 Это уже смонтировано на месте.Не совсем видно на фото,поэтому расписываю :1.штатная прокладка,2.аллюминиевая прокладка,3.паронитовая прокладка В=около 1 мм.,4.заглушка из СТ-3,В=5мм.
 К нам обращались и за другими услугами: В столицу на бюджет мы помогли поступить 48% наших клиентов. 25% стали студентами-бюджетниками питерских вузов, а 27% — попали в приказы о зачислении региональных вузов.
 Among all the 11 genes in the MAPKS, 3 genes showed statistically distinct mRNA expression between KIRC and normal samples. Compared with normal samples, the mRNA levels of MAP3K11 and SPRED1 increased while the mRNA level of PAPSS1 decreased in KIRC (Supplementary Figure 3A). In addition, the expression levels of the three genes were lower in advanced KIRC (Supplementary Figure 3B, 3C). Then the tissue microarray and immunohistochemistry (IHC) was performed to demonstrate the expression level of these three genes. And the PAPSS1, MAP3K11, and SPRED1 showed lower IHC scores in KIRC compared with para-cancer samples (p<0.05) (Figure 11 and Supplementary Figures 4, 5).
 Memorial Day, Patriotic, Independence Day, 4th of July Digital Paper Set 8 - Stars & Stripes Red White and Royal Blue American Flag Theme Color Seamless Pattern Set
* * *
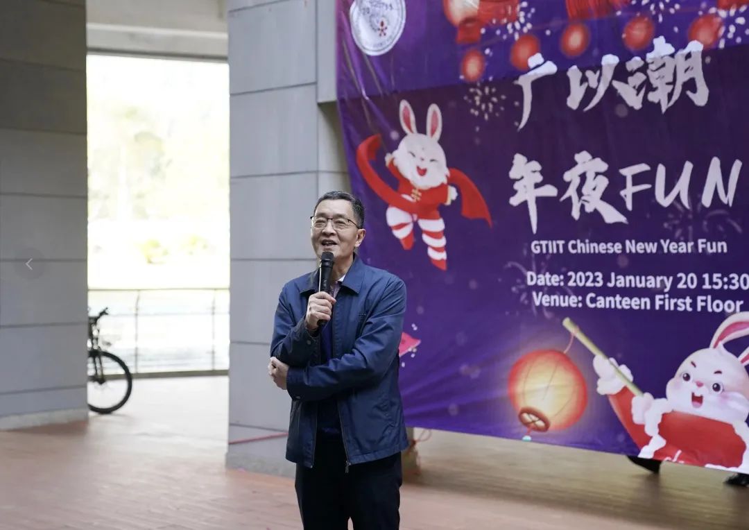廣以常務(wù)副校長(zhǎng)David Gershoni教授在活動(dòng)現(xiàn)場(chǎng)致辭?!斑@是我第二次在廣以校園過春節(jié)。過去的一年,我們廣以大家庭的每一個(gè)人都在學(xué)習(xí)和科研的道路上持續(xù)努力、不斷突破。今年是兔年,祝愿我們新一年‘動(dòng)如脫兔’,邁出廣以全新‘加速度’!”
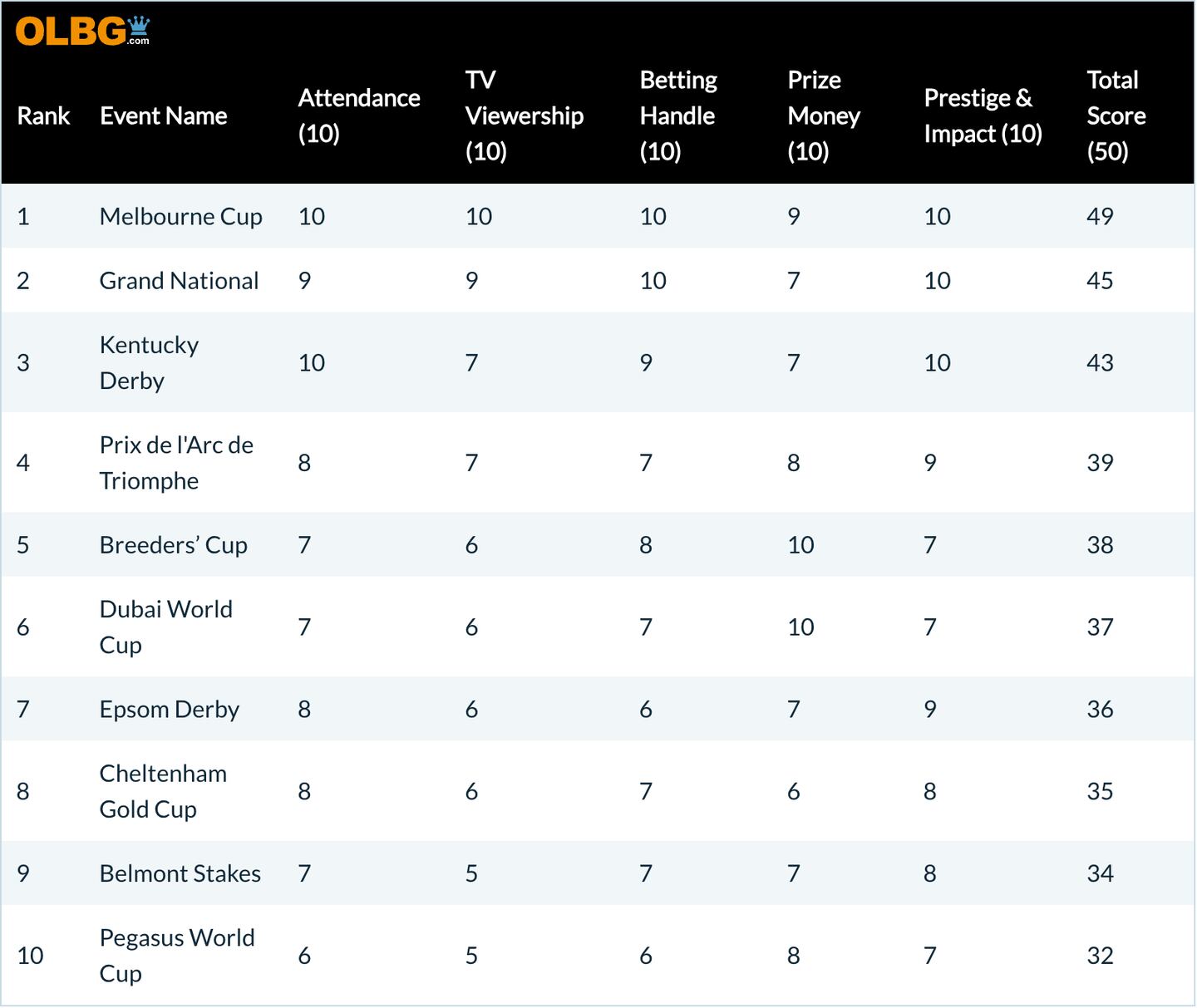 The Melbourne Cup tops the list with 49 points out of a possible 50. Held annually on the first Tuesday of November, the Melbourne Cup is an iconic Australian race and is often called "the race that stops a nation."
==
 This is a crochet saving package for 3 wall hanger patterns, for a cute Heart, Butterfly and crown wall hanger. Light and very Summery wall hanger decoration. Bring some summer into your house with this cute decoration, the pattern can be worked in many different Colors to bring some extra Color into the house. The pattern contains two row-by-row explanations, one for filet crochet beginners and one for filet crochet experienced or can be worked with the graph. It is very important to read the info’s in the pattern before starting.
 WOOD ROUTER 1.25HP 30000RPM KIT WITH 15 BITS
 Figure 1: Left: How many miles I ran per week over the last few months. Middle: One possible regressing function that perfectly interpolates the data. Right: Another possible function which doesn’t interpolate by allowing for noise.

Problem details
Look above for the line with "This is a crochet" and the line with "Figure 1: Left: How". Write out those two lines and all the lines between them, exactly, and no others.

Exercise result
 This is a crochet saving package for 3 wall hanger patterns, for a cute Heart, Butterfly and crown wall hanger. Light and very Summery wall hanger decoration. Bring some summer into your house with this cute decoration, the pattern can be worked in many different Colors to bring some extra Color into the house. The pattern contains two row-by-row explanations, one for filet crochet beginners and one for filet crochet experienced or can be worked with the graph. It is very important to read the info’s in the pattern before starting.
 WOOD ROUTER 1.25HP 30000RPM KIT WITH 15 BITS
 Figure 1: Left: How many miles I ran per week over the last few months. Middle: One possible regressing function that perfectly interpolates the data. Right: Another possible function which doesn’t interpolate by allowing for noise.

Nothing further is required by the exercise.